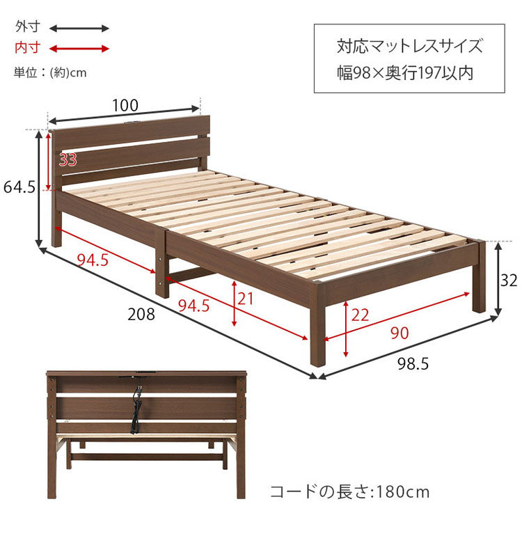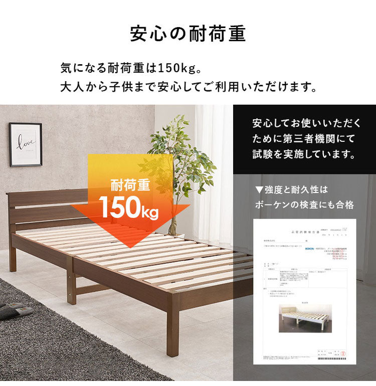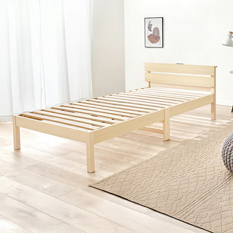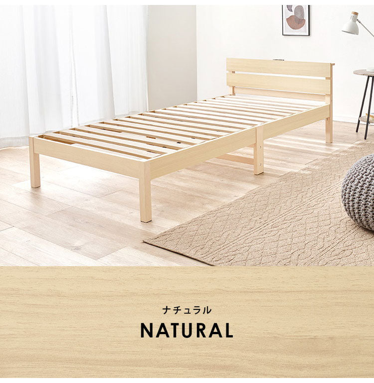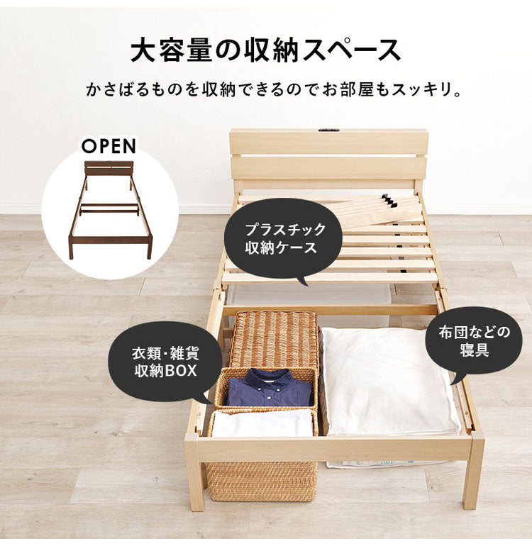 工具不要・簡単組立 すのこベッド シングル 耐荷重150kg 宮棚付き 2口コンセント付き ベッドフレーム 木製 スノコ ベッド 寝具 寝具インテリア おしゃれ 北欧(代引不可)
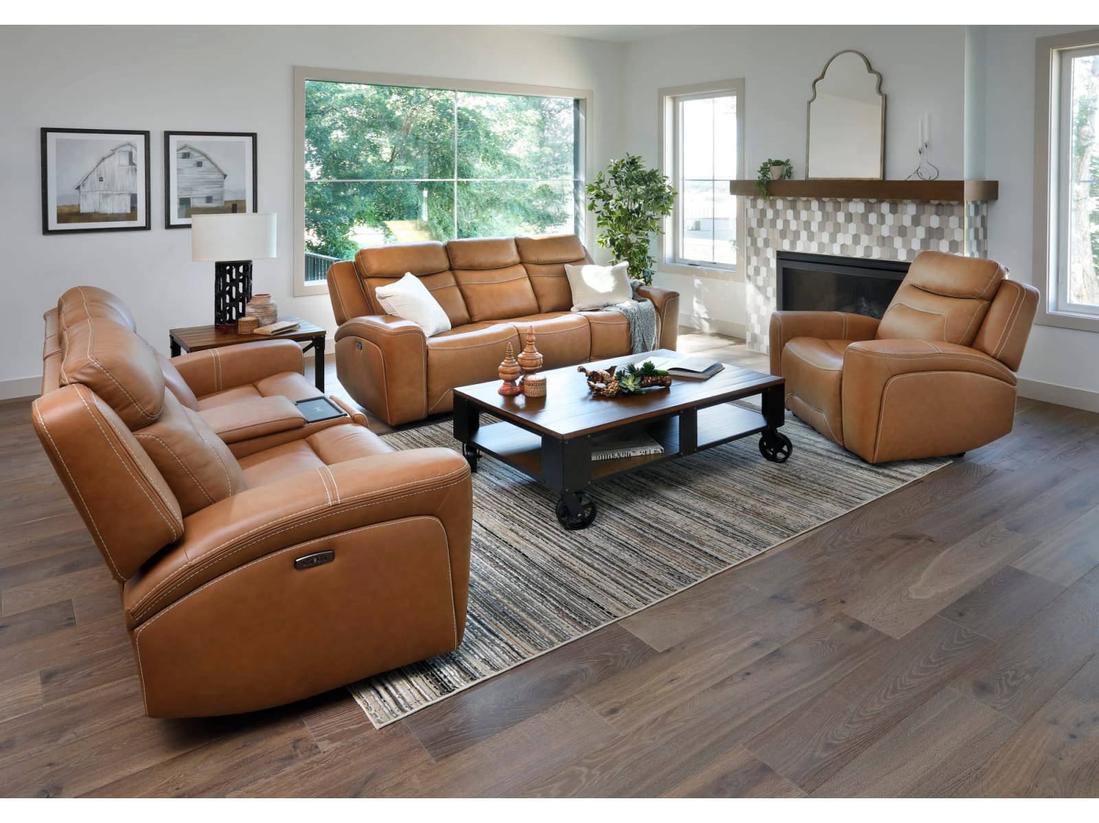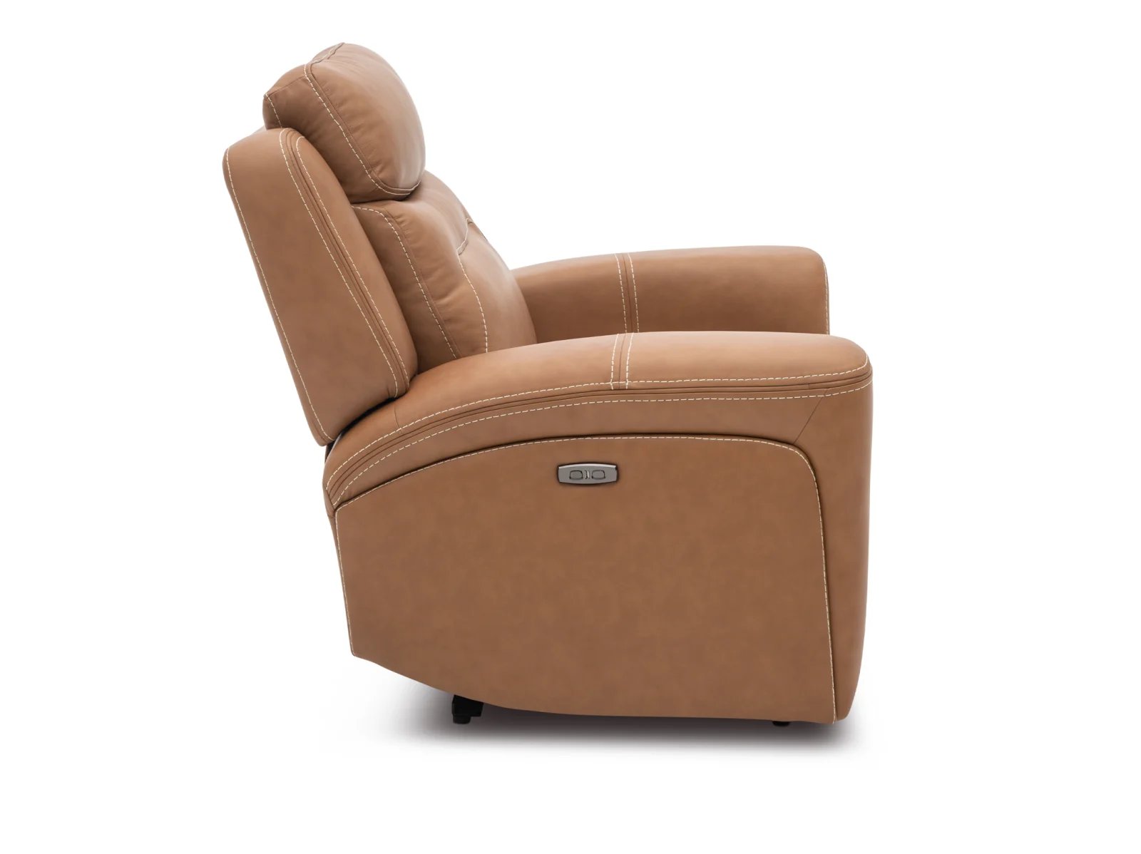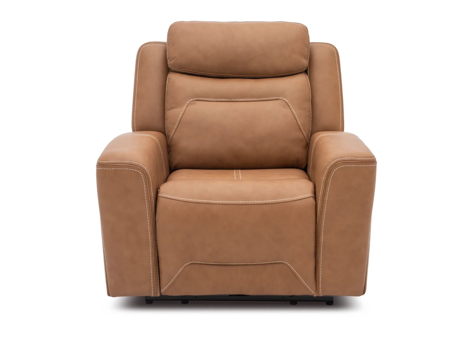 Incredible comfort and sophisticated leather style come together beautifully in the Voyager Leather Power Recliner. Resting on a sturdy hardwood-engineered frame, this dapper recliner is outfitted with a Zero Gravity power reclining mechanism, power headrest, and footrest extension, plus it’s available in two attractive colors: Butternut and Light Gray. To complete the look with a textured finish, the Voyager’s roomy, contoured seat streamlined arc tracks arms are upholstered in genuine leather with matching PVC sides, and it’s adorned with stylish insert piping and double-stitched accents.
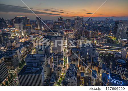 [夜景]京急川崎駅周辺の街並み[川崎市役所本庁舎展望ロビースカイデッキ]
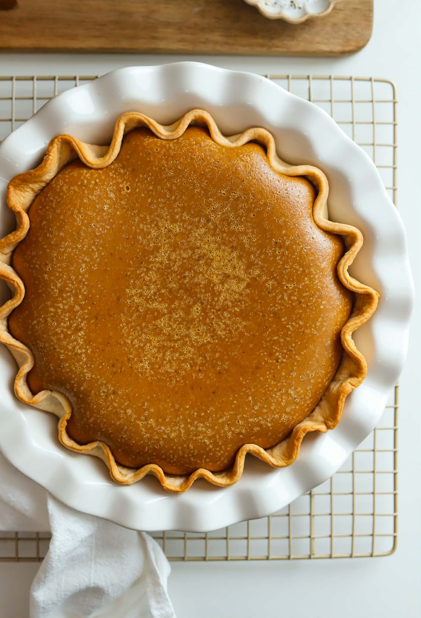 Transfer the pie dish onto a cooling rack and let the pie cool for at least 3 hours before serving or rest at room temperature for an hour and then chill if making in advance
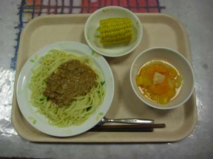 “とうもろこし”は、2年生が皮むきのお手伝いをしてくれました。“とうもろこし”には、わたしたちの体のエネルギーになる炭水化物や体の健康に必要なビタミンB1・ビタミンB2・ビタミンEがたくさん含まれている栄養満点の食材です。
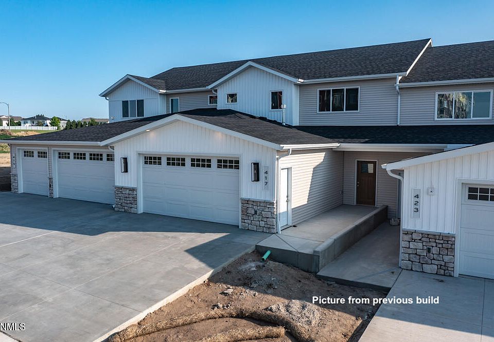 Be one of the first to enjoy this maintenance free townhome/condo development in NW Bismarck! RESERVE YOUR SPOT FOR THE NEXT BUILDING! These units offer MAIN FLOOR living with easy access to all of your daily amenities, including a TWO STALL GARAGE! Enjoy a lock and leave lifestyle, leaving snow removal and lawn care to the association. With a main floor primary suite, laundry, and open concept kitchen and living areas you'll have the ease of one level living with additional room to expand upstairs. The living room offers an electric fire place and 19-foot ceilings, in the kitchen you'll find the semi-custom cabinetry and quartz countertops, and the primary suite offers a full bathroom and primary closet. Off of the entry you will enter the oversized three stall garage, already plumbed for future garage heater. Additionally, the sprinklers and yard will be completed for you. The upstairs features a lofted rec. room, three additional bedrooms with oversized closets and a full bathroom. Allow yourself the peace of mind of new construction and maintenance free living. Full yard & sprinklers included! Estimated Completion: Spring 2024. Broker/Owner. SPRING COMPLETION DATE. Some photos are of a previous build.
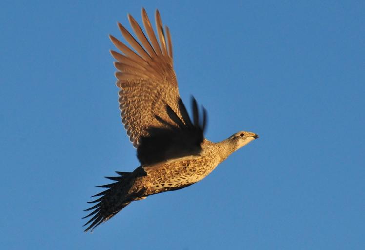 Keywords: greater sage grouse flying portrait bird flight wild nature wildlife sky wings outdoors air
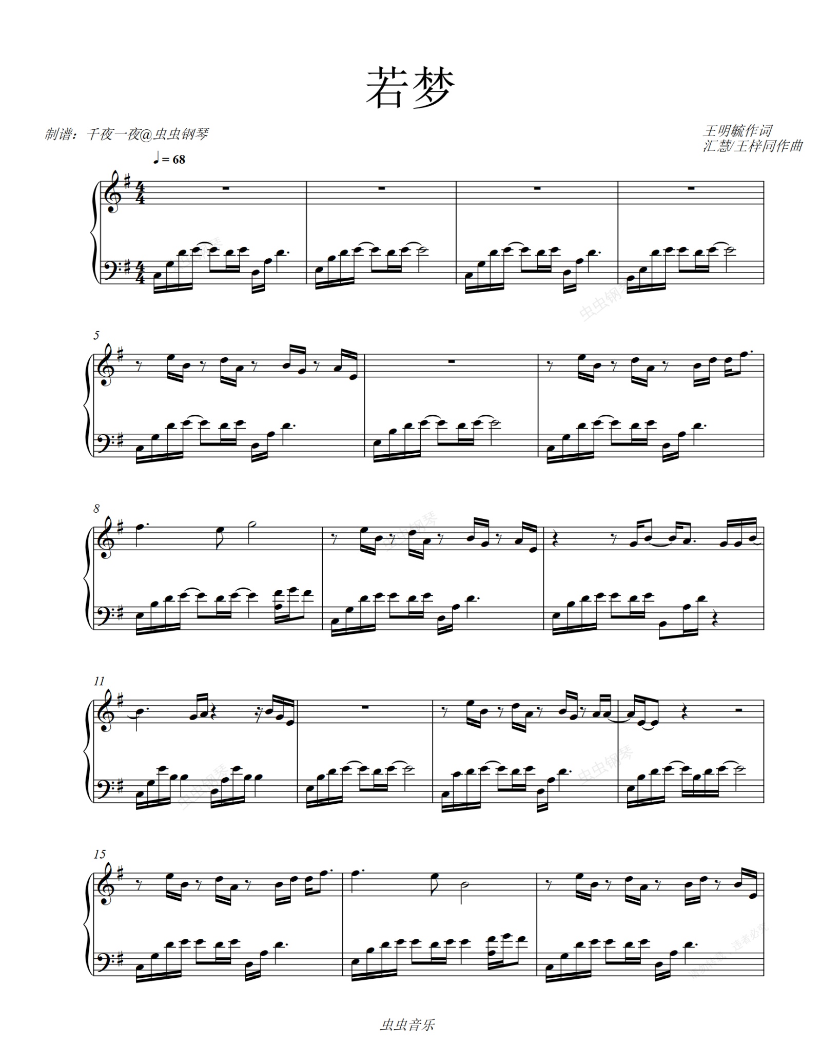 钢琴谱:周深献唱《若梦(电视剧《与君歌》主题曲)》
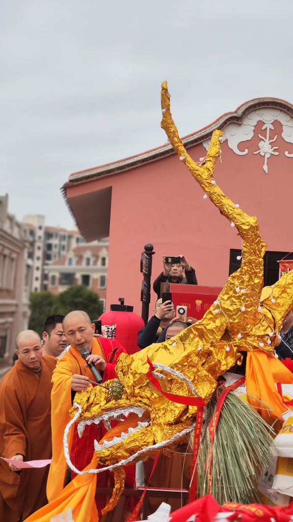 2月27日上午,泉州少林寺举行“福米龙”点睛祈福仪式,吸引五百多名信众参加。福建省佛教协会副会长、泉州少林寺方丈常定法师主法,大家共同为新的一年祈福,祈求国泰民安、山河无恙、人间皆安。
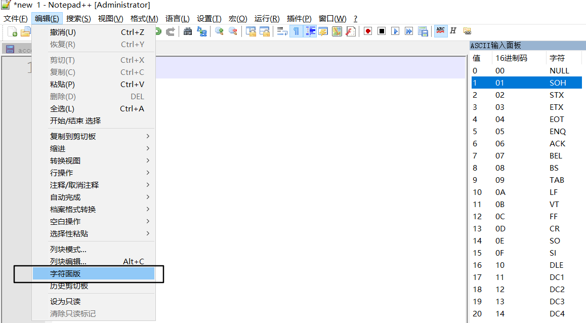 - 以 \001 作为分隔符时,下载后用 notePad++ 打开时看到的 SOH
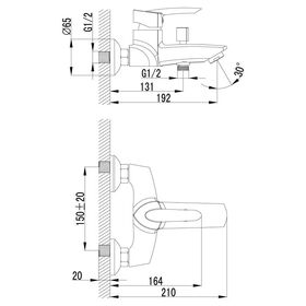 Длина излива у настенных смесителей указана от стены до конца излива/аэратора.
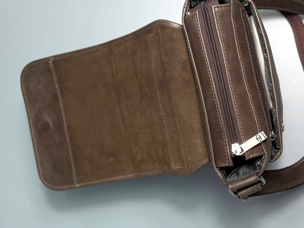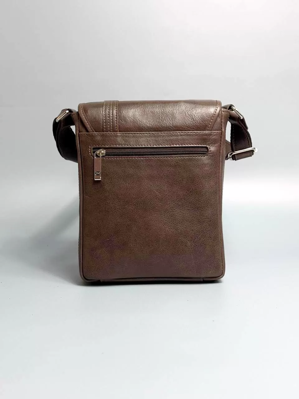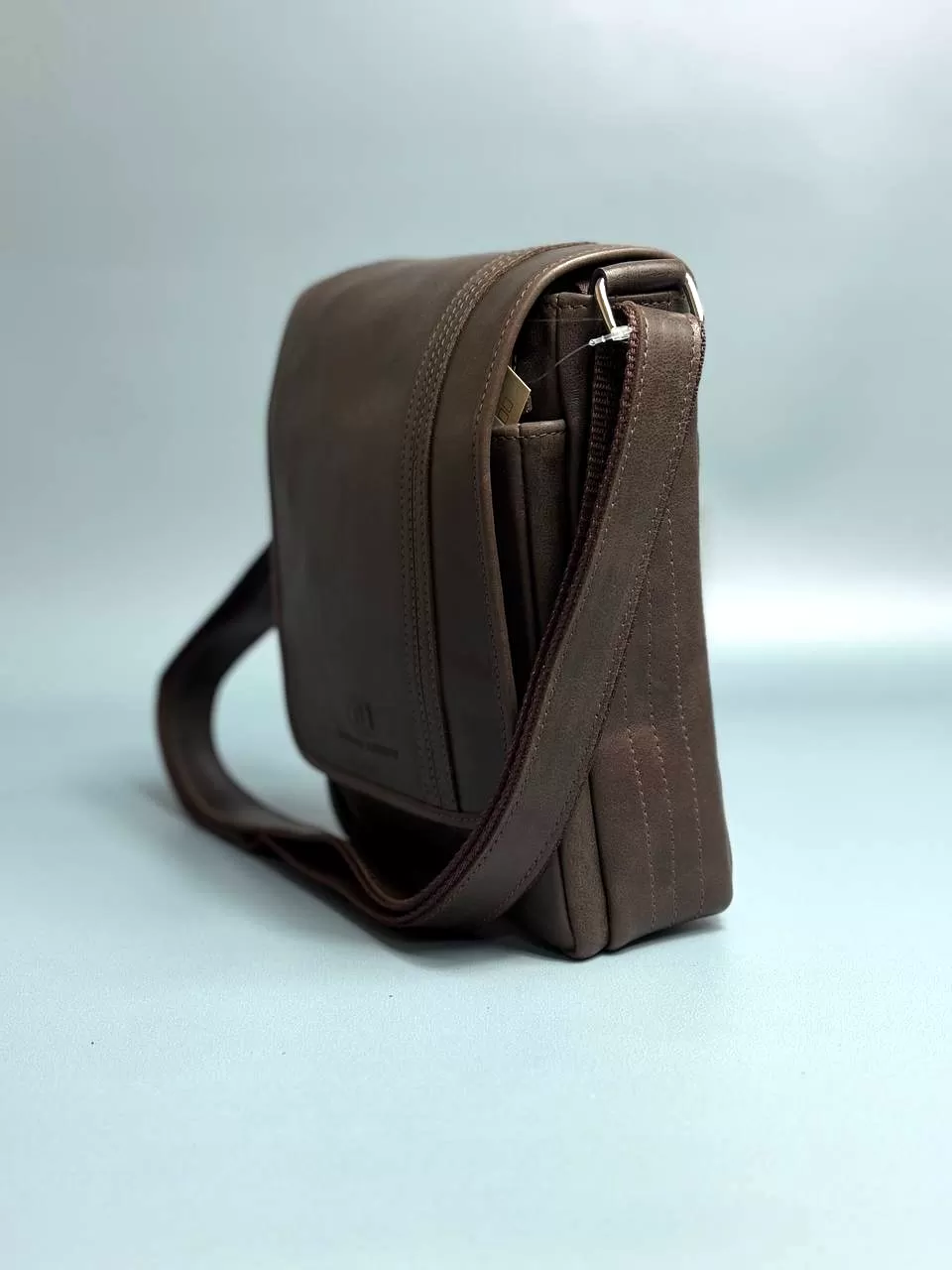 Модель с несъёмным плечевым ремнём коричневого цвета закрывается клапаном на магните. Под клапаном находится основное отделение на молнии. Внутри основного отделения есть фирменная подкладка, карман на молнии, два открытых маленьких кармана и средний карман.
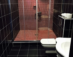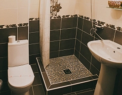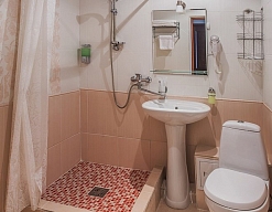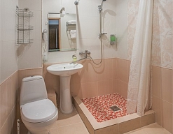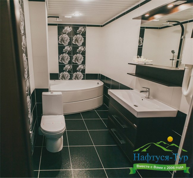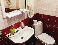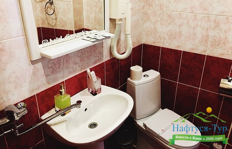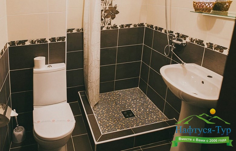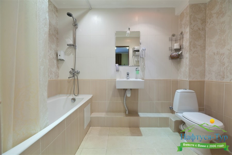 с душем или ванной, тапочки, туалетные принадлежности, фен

####

◆ TASK REQUIREMENTS: Leaving the pictures aside, write out only the lines from the one containing "Модель с несъёмным" through the end of the material, exactly as they stand.

◆ ANSWER SPACE:
 Модель с несъёмным плечевым ремнём коричневого цвета закрывается клапаном на магните. Под клапаном находится основное отделение на молнии. Внутри основного отделения есть фирменная подкладка, карман на молнии, два открытых маленьких кармана и средний карман.
 с душем или ванной, тапочки, туалетные принадлежности, фен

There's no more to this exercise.